Nigeria’s tax to GDP ratio of 10% is indeed quite low. This means that the government is not collecting enough revenue through taxes compared to the size of the economy. A higher tax to GDP ratio is essential for sustainable development and the provision of public goods and services.
A low tax to GDP ratio can have several implications. Firstly, it limits the government’s ability to invest in critical sectors such as healthcare, education, infrastructure, and social welfare programs. These sectors play a vital role in improving the quality of life for citizens and fostering economic growth.
Additionally, a low tax to GDP ratio can hinder the government’s ability to address income inequality and promote social justice. Through progressive taxation, where higher-income individuals contribute a larger proportion of their income, the government can redistribute wealth and provide support to vulnerable populations. This can help bridge the gap between the rich and the poor, leading to a more equitable society.
Moreover, a low tax to GDP ratio can result in a heavy reliance on external borrowing to finance government expenditure. This can lead to an increase in public debt, which may have long-term consequences for the economy, such as higher interest payments and limited fiscal flexibility.

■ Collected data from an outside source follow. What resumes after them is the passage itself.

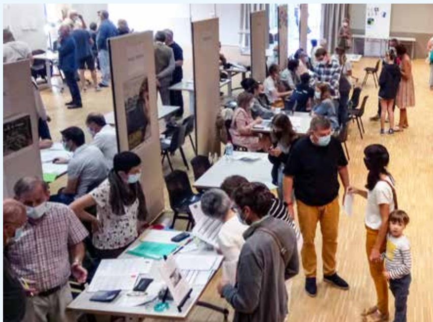
Le Forum des associations a accueilli plus de 600 personnes le 4 septembre dernier à la salle des Trois Ormes.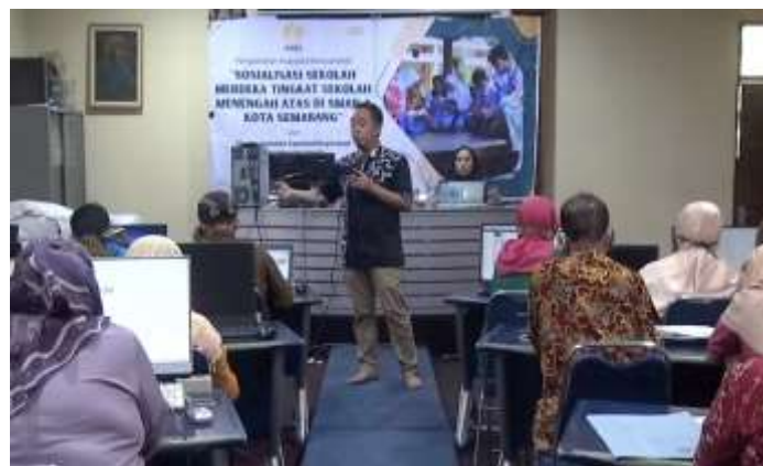
Gambar 1. Pelaksanaan Kegiatan

Hasil projek ketiga kelompok tersebut nantinya akan ditampilkan di pagelaran pasar rakyat SMA N 8 Semarang. Kegiatan penguatan yang dilakukan dalam fase ini, bukanlah menyusun perangkat pembelajaran dan rencana pelaksanaan P5 dari awal. Akan tetapi, penguatan dalam hal ini adalah dengan mendiskusikan dengan narasumber mengenai modul ajar dan rencana projek P5 yang disusun pada kegiatan sebelumnya. Tujuan yang ingin diraih adalah mendapatkan komentar dan perspektif dari narasumber kegiatan pengabdian ini mengenai perencanaan yang telah dibuat tersebut, sekaligus agar guru lebih mantap untuk melaksanakan kegiatan pembelajaran baik klasikal maupun projek tersebut.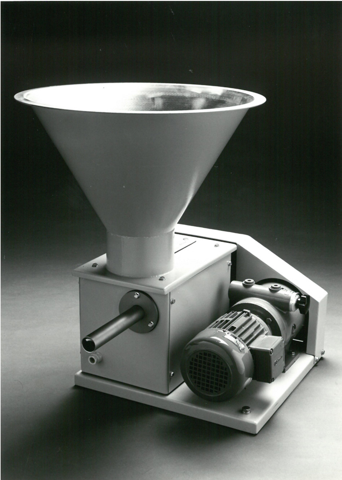
Abb. 3: Vibrationsdosierschnecke (1979)

Mit der Einführung der Feldbustechnik für gravimetrische Dosiergeräte schafft es das Unternehmen im Jahr 2000, eine Brücke zwischen analoger und digitaler Kommunikation zu schlagen. Die Entwicklung ‚intelligenter‘ waagenmontierter Steuer- und Leistungsmodule nimmt im selben Jahr mit der ISC-CM/FC seinen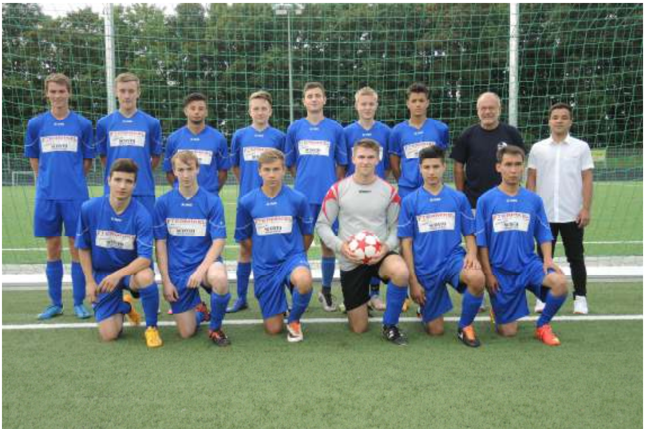
A-Jugend Spielzeit 2016/2017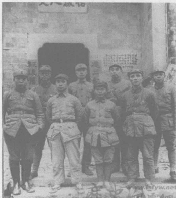
1939年春，周恩来在皖南新四军军部视察期间同新四军领导人合影。 左二起为袁国平、粟裕、陈毅、王集成、周恩来、邓子恢、项英。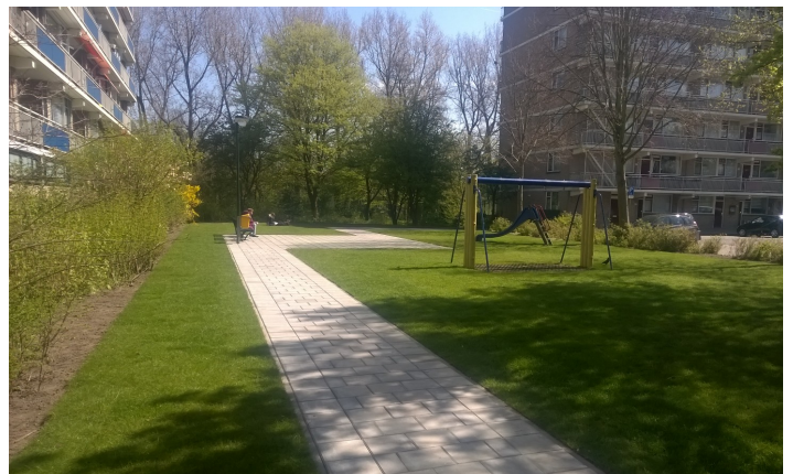
Afbeelding 4.3.2.2 Verduurzamen ondergrond: van boomschors/trottoir naar gazon

Het trapveld aan de Duynsteelaan werd intensief bespeeld. De gemeente moest hier continu onderhoud plegen. Investering in vervanging van het gazon is eenmalig gedaan maar had geen effect omdat het gras geen tijd kreeg om zich te ontwikkelen. Om te zorgen voor een continu bespeelbaar trapveld is op deze plek kunstgras aangebracht.

To address this issue, it is crucial for the Nigerian government to implement effective tax reforms. This could include expanding the tax base, improving tax administration and compliance, and reducing tax evasion and avoidance. By doing so, the government can increase tax revenue without placing an excessive burden on the citizens.

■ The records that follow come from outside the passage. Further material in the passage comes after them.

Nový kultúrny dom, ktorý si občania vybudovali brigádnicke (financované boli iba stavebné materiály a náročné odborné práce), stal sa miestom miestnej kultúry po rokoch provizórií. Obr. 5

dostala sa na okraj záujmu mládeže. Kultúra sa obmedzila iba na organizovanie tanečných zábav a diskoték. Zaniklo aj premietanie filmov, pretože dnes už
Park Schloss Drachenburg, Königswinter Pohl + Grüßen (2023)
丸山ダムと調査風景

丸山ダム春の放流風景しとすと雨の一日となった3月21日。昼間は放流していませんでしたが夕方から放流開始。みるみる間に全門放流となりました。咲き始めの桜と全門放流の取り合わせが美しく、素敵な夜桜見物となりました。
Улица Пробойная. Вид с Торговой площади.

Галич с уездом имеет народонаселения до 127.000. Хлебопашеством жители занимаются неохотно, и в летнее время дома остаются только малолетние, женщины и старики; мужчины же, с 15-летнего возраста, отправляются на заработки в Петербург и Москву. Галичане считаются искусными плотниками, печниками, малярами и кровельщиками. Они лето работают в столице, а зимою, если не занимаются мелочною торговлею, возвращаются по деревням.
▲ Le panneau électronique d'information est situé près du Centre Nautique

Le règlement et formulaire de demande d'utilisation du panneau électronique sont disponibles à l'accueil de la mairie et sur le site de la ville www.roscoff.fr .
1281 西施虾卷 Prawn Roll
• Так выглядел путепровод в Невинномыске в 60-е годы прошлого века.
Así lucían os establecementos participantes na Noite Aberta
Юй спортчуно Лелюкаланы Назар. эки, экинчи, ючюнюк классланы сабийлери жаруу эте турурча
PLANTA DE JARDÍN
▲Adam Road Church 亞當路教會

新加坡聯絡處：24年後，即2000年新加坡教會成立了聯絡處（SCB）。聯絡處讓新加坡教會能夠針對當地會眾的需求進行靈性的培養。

Furthermore, there is a need to enhance transparency and accountability in the use of tax revenue. This will help build trust among taxpayers and ensure that the collected funds are utilized efficiently and effectively for the benefit of the society.

SarahDiv
Member
21 days ago

The government’s concern about Nigeria’s low tax-to-GDP ratio underscores the importance of boosting revenue for economic development and essential services. Collaboration with international partners like Germany shows commitment to addressing key challenges like employment and food security. Strengthening ties with MSMEs offers promising opportunities for mutual growth and skill enhancement.